[microsound-announce] Vague Terrain 19: Schematic as Score
Derek Holzer
derek at umatic.nl
Sun May 1 19:53:43 EDT 2011
Vague Terrain 19: Schematic as Score
Online 02 May 2011
http://vagueterrain.net/journal19
Over the past few years, a strong reaction against the sterile world of
laptop sound and video has inspired a new interest in analog processes,
and a fresh exploration of the pioneers of the electronic arts during
the pre-digital era of the 1960s and 1970s. Artists and inventors such
as Nam June Paik, Steina & Woody Vasulka, Don Buchla, Serge Tcherepnin,
Dan Sandin and David Tudor all constructed their own unique instruments
long before similar tools became commercially available or freely
downloadable--often through a long, rigorous process of self-education
in electronics.
John Cage once quipped that Serge Tcherepnin's synthesizer system was
"the best musical composition that Serge had ever made", and it is
precisely Cage's reformulation of the concert score from a list of
deterministic note values to a set of indeterministic possibilities that
allowed the blurring of lines between instrument-builder and music
composer that followed.
The current issue of Vague Terrain, curated and edited by Derek Holzer,
features an eclectic range of young, contemporary artists who have
revisited and expanded upon the philosophies and works of this earlier
generation.

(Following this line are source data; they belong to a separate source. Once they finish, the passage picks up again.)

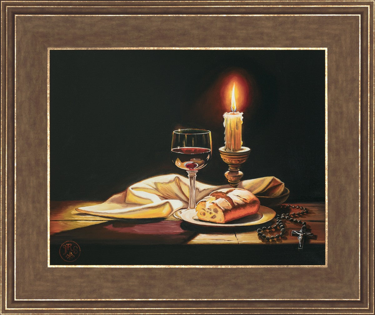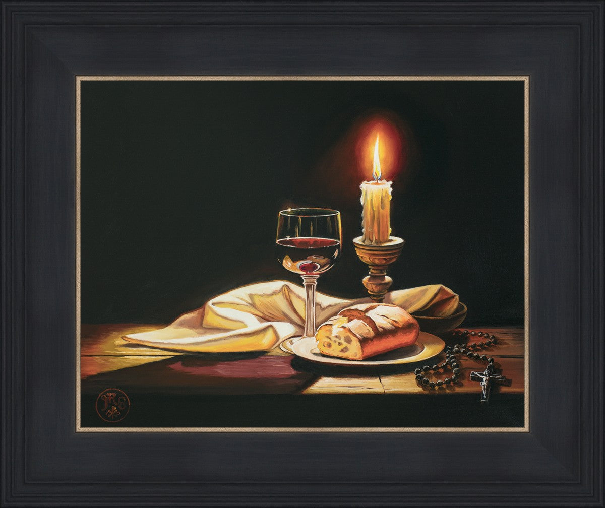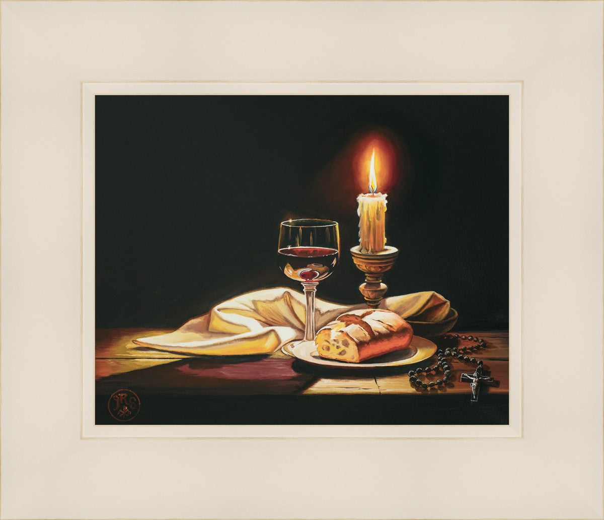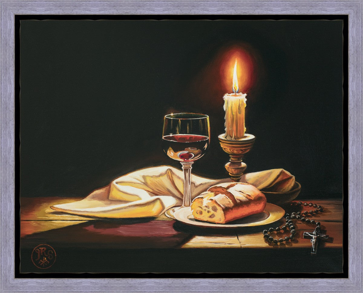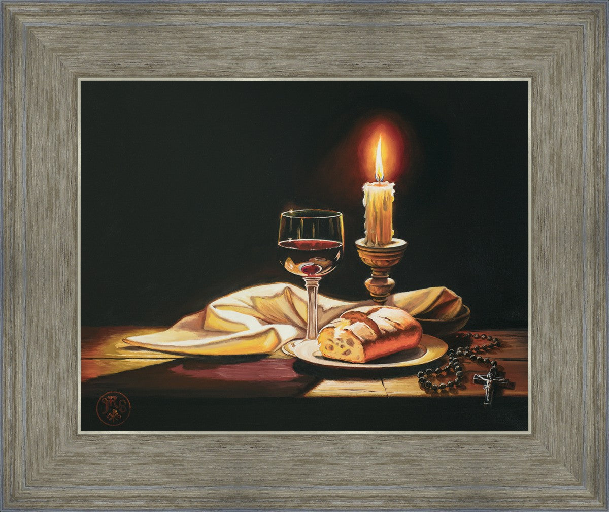 This painting features symbolic eucharistic elements bathed in candle light as a vehicle for portraying the Way, the Truth, and the Light. With a rosary laid next to the elements, this piece also aims to remind us how we all have direct access via prayer to daily interaction with our Lord and Savior.
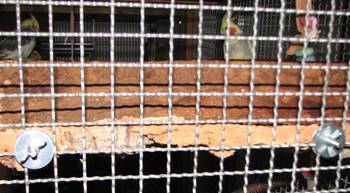 Ich befestige sowieso fast alles hängend und schaukelnd in der Voliere (Äste, Schaukeln, Brettchen, Näpfe), dass hat das Putzen erheblich erleichtert und sorgt für Koordinationstraining bei den Vögeln.Sind die Brettchen größer, verwende ich Stockschrauben. Das sind Schrauben mit zwei gegenläufigen Gewinden und ohne Kopf. Die lassen sich recht leicht in den Kork drehen und halten bombenfest.Dann noch eine Unterlegscheibe und eine Flügelmutter, schon hält das Brett an nur einer Befestigung.Die anderen Ecken kann man dann auch mit Rund- oder Eckhaken einhängen.
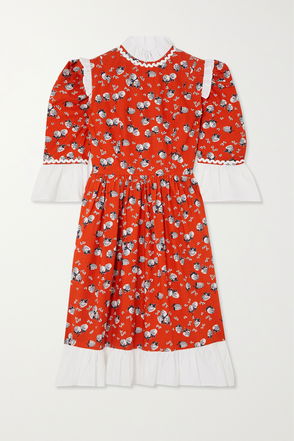 Batsheva's mini dress is cut from vibrant 'Blood Orange' vinyl that brings so much energy to the brand's signature prairie-inspired silhouette. It has voluminous puffed sleeves that frame a square neckline, and a gathered skirt that kicks out from the waist. Style yours with heels and playful patterned tights.
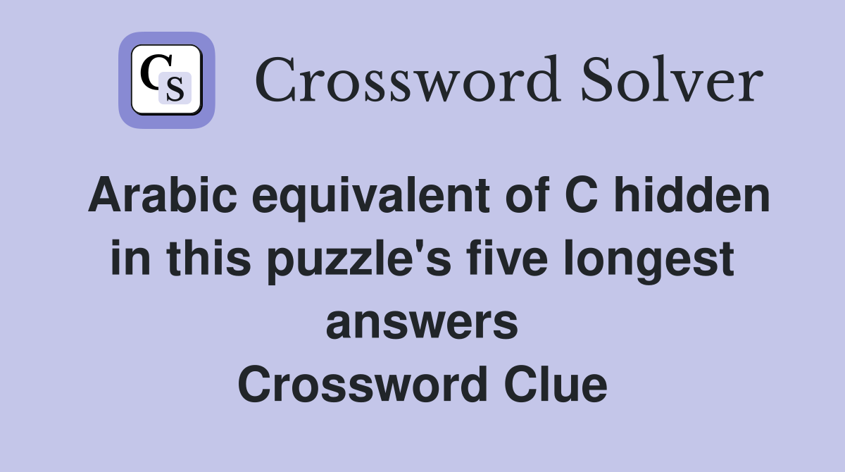 Arabic equivalent of C hidden in this puzzle #39 s five longest answers
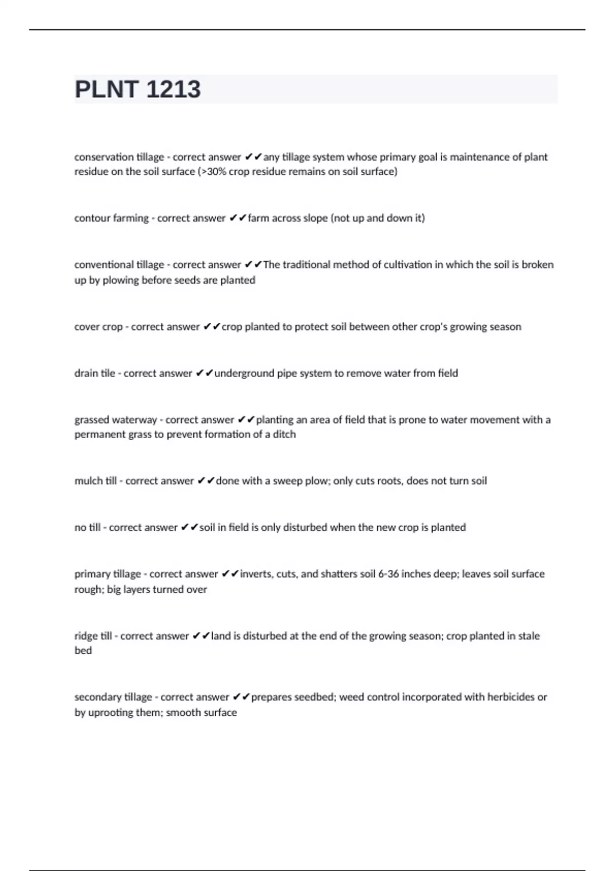 conservation tillage - correct answer ✔✔any tillage system whose primary goal is maintenance of plant
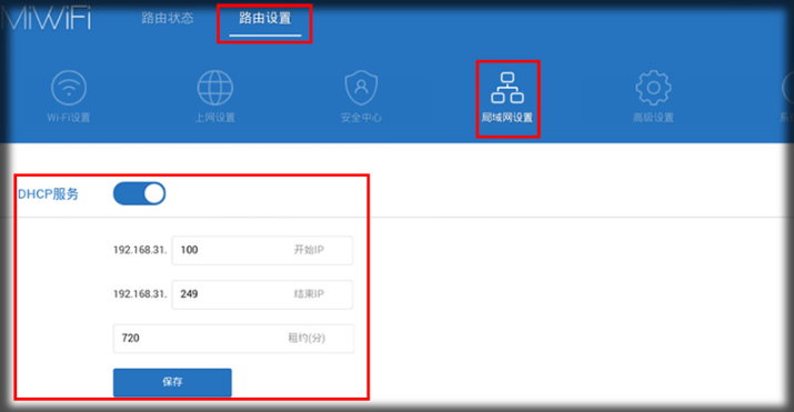在路由器的管理界面,点击【路由设置】——【局域网设置】,填写后点击保存即可。
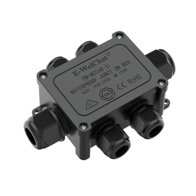 The EW-M2068S-6T 6-Way Waterproof Cable Junction Box ensures error-free installation. Glands at the box's connection points simplify installation. Integrated cable glands with milled teeth allow for the installation of small-section cables.
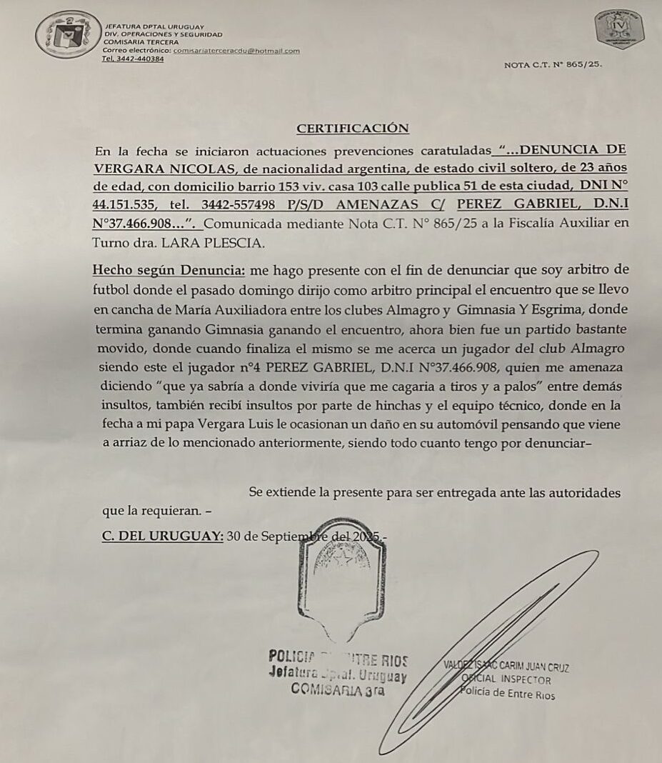 El árbitro ratificó a EL MIÉRCOLES lo que denunció antes en la Comisaría Tercera de la Policía: “Fue un partido bastante movido. Cuando terminó, se me acercó el jugador Gabriel Pérez y me amenazó, diciéndome que sabía dónde vivía y que me cagaría a tiros y a palos”. Además, agregó que recibió insultos por parte de hinchas y equipo técnico de Almagro.
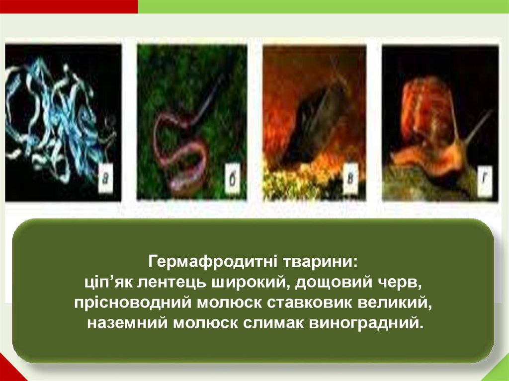 Гермафродитні тварини:ціп’як лентець широкий, дощовий черв,
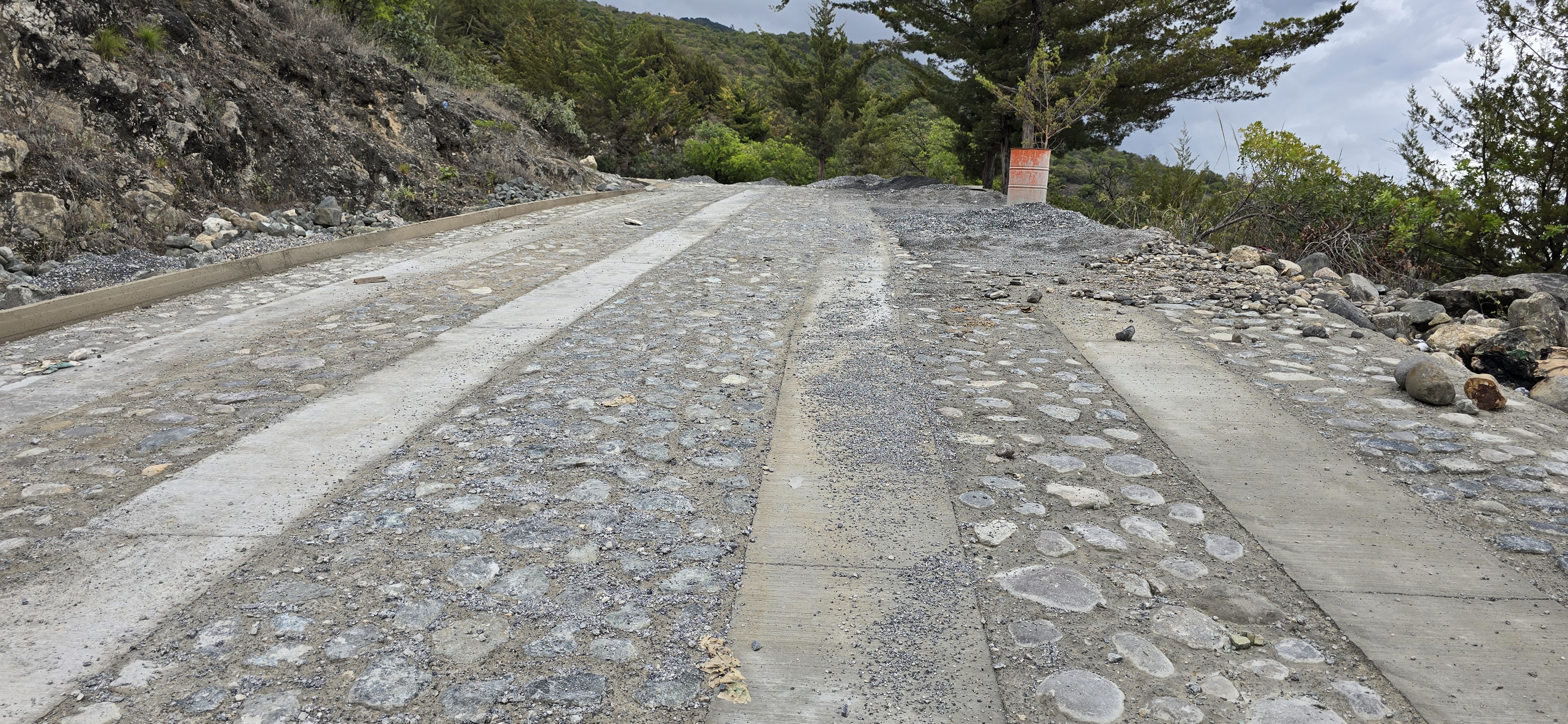 El último informe disponible en el SNIP, con fecha 18 de agosto, señala que se encuentra pendiente la fundición de bordillos, cunetas, empedrado, y carrileras, así como señalizar la ruta. El ancho de la calle incluyendo bordillos y cuneta será de ocho metros”.
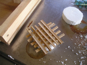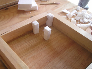 割り竹で作った小舞の模型を発砲スチロールで挟みます。
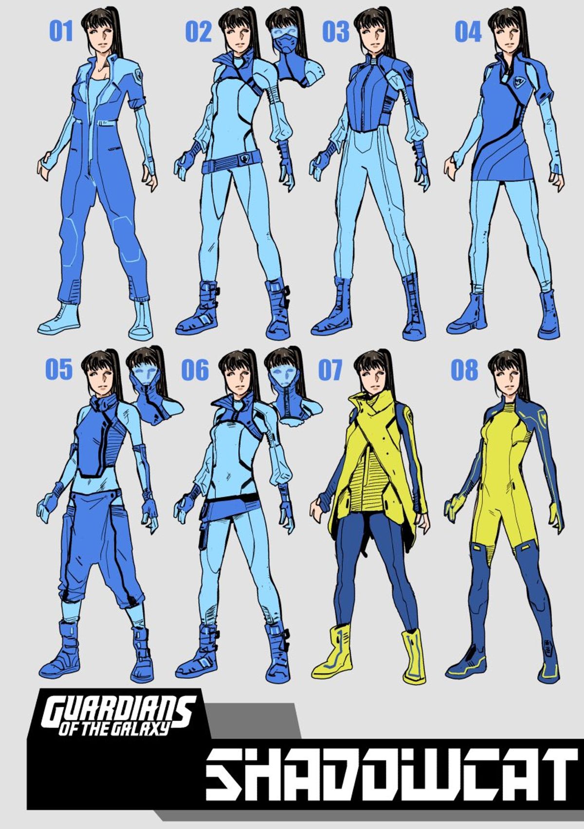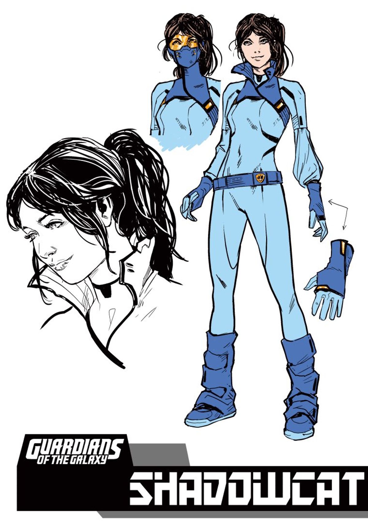 Schiti preparò dunque diversi studi per il suo costume spaziale:Schiti - Il nuovo character design di Shadowcat, quando faceva parte dei Guardiani della Galassia. Si è trattato di un breve periodo.

Operating at the extreme edges of the DIY electronics scene,
builder-composers such as Peter Blasser, Jason R. Butcher, Moritz
Ellerich, Lesley Flanigan, Martin Howse, the Loud Objects (Kunal Gupta,
Tristan Perich and Katie Shima), Jessica Rylan and Synchronator (Bas van
Koolwijk & Geert-Jan Prins) all represent some of the most radical and
idiosyncratic artistic approaches to creative circuitry of the moment.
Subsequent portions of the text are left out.